The invention is described in more detail with reference to the following examples.

Manufacturing example 1 Preparation of a styrene-based polymer with syndiotactic configuration

2 L (L = liter) of toluene as a solvent and 1 mmol of cyclopentadienyltitanium trichloride and 0.8 mol (as aluminum atom) of methylaluminoxane as catalyst components were introduced into a reactor. 3.6 L of styrene was introduced into the reactor and polymerization was carried out at 20 °C for 1 hour. After completion of the reaction, the reaction product was washed with a mixture of hydrochloric acid and methanol to decompose and remove the catalyst components and then dried to obtain 330 g of a polymer. This polymer was subjected to Soxhlet extraction using methyl ethyl ketone as a solvent, whereby an extraction residue was obtained in a yield of 95 wt.%.

The polymer had a weight average molecular weight of 290,000 and a number average molecular weight of 158,000 and a melting point of 270°C. In nuclear magnetic resonance analysis using a carbon isotope (13C-NMR), an absorption peak at 145.35 ppm, which was attributed to the syndiotactic configuration, was observed.

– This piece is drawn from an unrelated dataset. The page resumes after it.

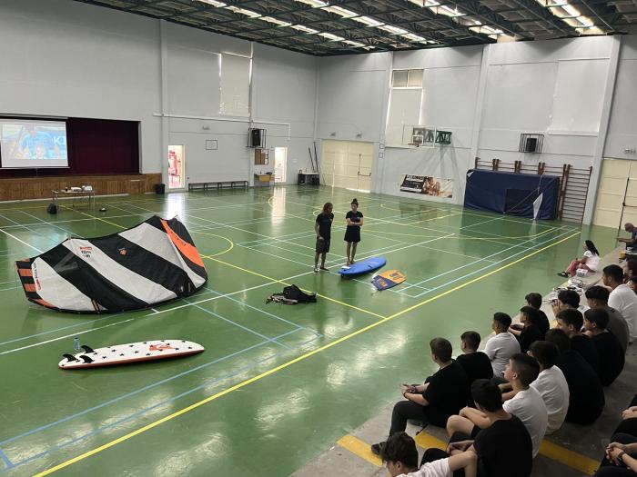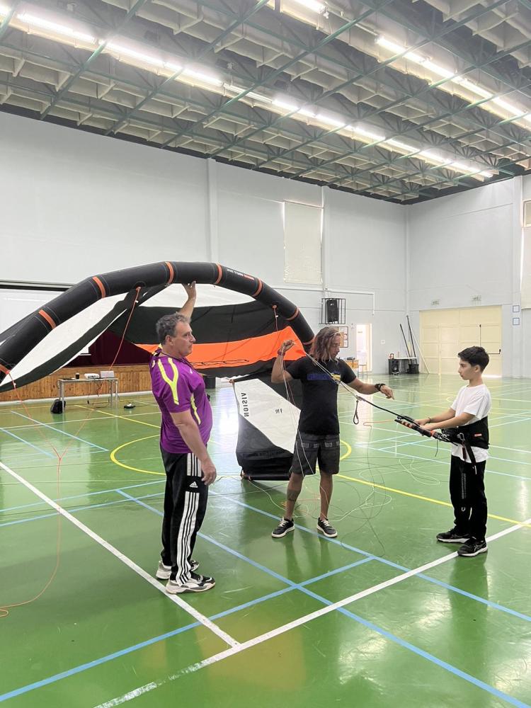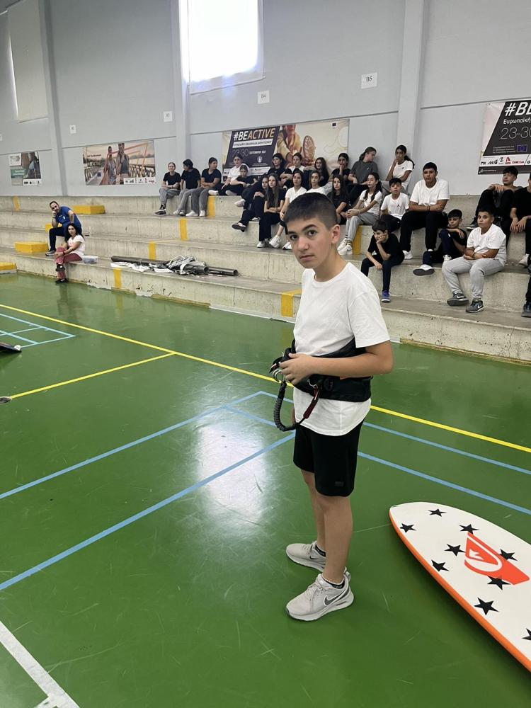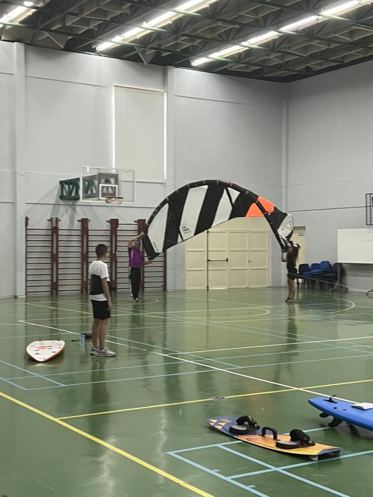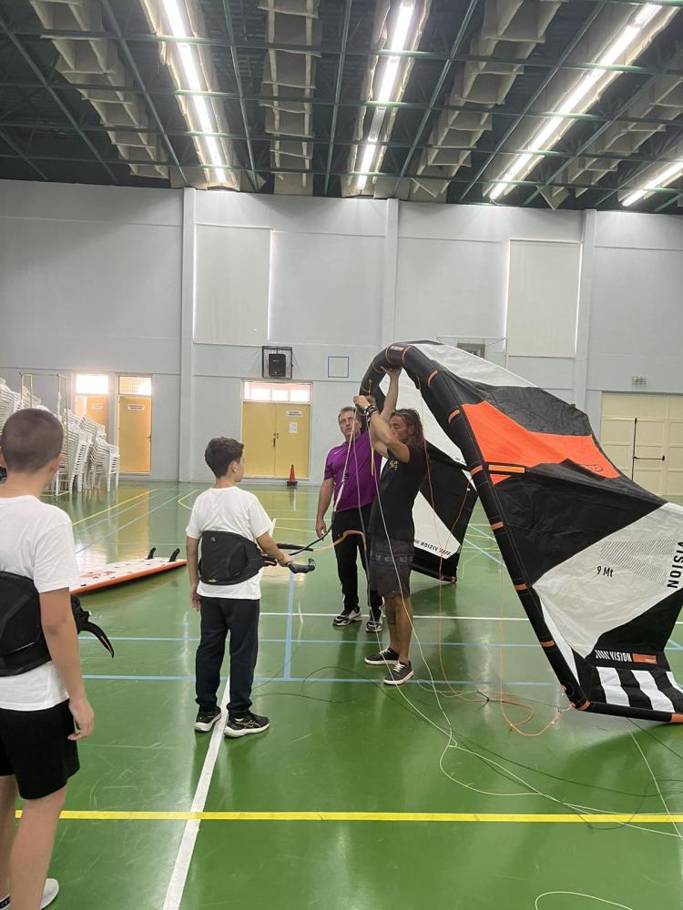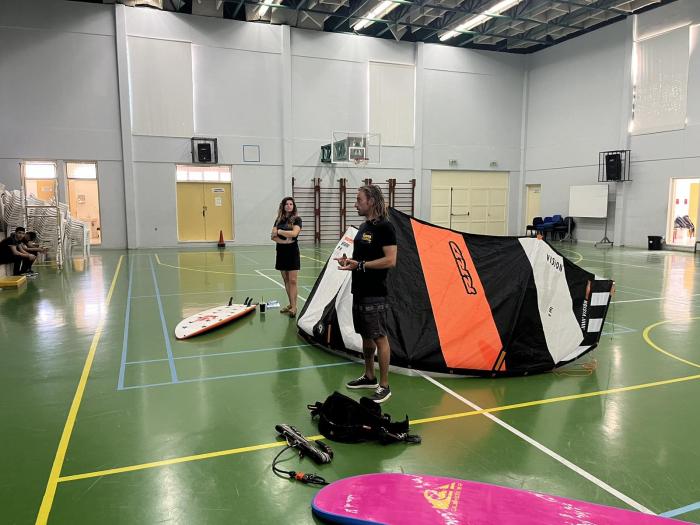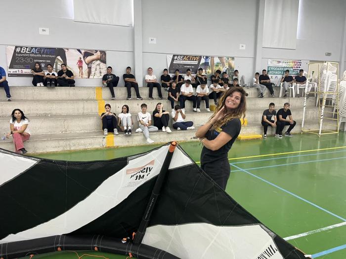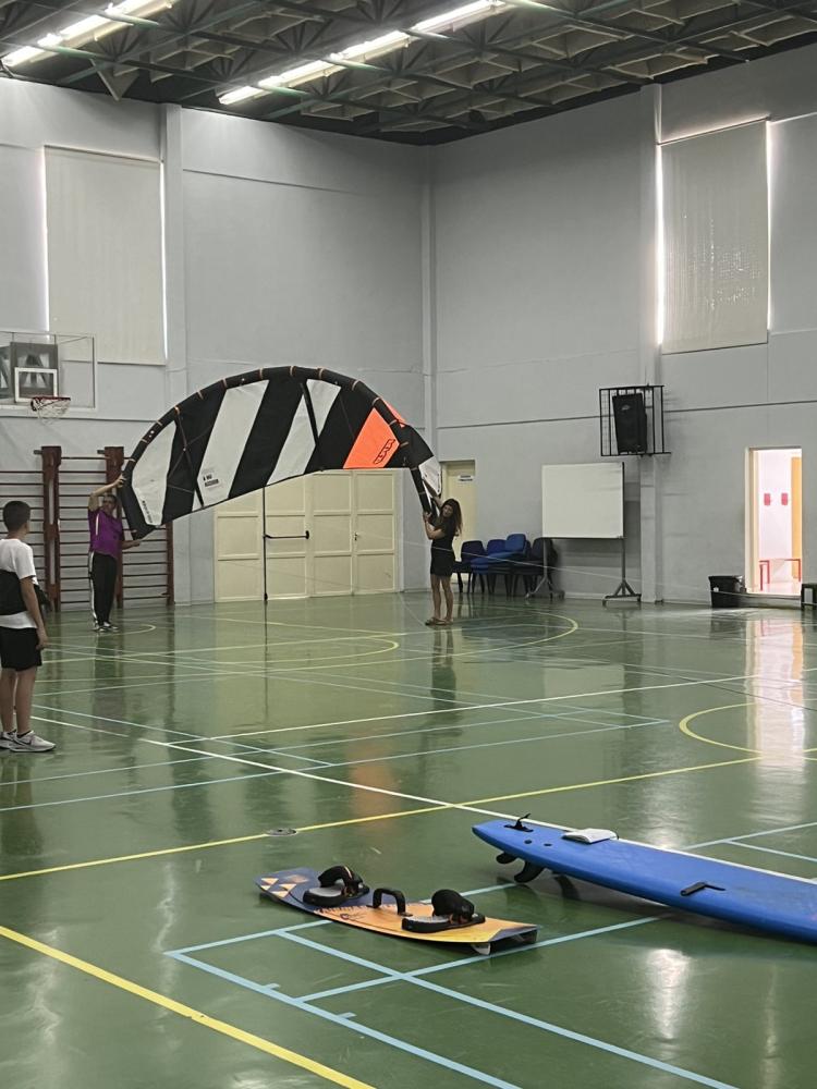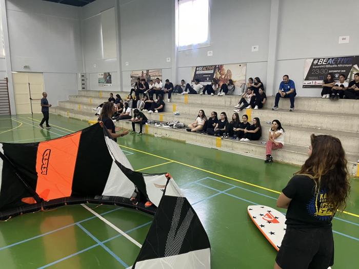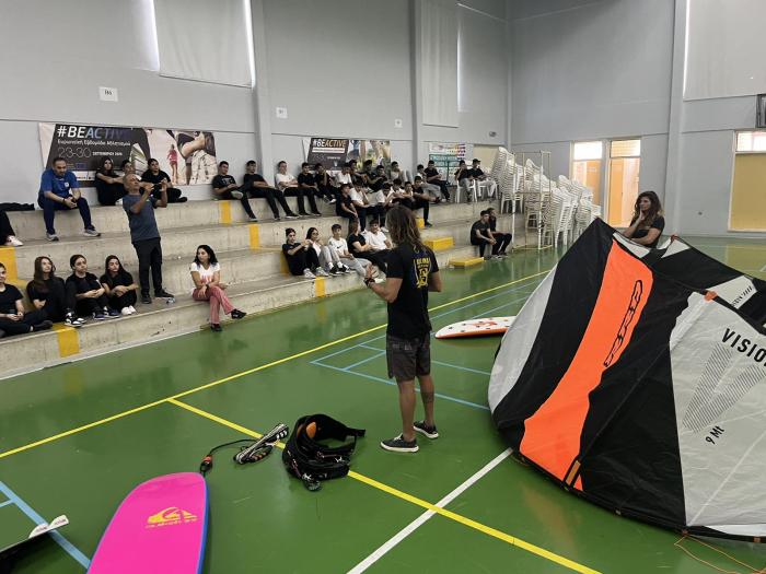 Θα παρουσιαστούν σε στατική έκθεση Kite surfs και windsurfs στα παιδιά του σχολείου μας και κατόπιν προσομοίωση ανύψωσης των θόλων των Kitesurfs στό ανοικτό γήπεδο του σχολείου, ώστα να δωθεί ένα κίνητρο σε όλους τους μαθητές να στραφούν προς αθλήματα περιπέτειας που συνδυάζουν ικανότητες, απαράμιλη ψυχική ανάταση και δίνουν στον αθλούμενο υψηλή αίσθηση ελευθερίας.

The syndiotacticity in the pentad, calculated from the peak area, was 96%.

example 1

To 100 parts by weight of the styrene-based polymer (polystyrene) having a syndiotactic configuration as obtained in Preparation Example 1, 0.7 parts by weight of (2,6-di-tert-butyl-methylphenyl)pentaerythritol diphosphite (trade name PEP-36, manufactured by Adeka Augas Co., Ltd.) and 0.1 part by weight of tetrakis(methylene-3-(3,5-di-tert-butyl-4-hydroxyphenyl)propionate)methane (trade name Irqanox 1010, manufactured by Ciba Geigy Co., Ltd.) were added as antioxidants, and the resulting mixture was spun through a spinneret maintained at 300°C at a spinning speed of 50 m/min to obtain a yarn. The yarn was cooled and crystallized while hot air of 60ºC was blown to an area below the spinneret. These fibers thus obtained had a slightly white color. These fibers were embossed at a roll temperature of 200ºC to form a non-woven fabric.

The nonwoven fabric was evaluated for its performance characteristics. The difference between ΔHf and ΔHtcc was 10.48 J/g (2.5 cal/g) and the physical properties are given in Table 1.

Comparison example 1

The procedure of Example 1 was repeated, except that the yarn was cooled (quenched) by blowing air of 40°C onto the area below the spinneret. The fibers thus obtained were transparent. In the same manner as in Example 1, a non-woven fabric was prepared using the fibers obtained above and its performance was evaluated.

The difference between ΔHf and ΔHtcc was 2.93 J/g (0.7 cal/g) and the physical properties are given in Table 1.

Example 2

To 100 parts by weight of the polystyrene having syndiotactic configuration as obtained in Preparation Example 1, 2 parts by weight of aluminum p-(tert-butyl)benzoate (trade name PTBBA-AL, manufactured by Dainippon Ink Kagaku Kogyo Co., Ltd.) was added as a nucleating agent. Using the resulting mixture, a nonwoven fabric was prepared in the same manner as in Comparative Example 1, and its performance was evaluated.

The difference between ΔHf and ΔHtcc was 23.05 J/g (5.5 cal/g) and the physical properties are given in Table 1.

Example 3

A nonwoven fabric was prepared in the same manner as in Example 2 except that 0.5 part by weight of bis(4-tert-butylphenyl) sodium phosphate (trade name NA-10, manufactured by Adeca Augas Co., Ltd.) was used as a nucleating agent. This nonwoven fabric was evaluated for performance in the same manner as in Example 2.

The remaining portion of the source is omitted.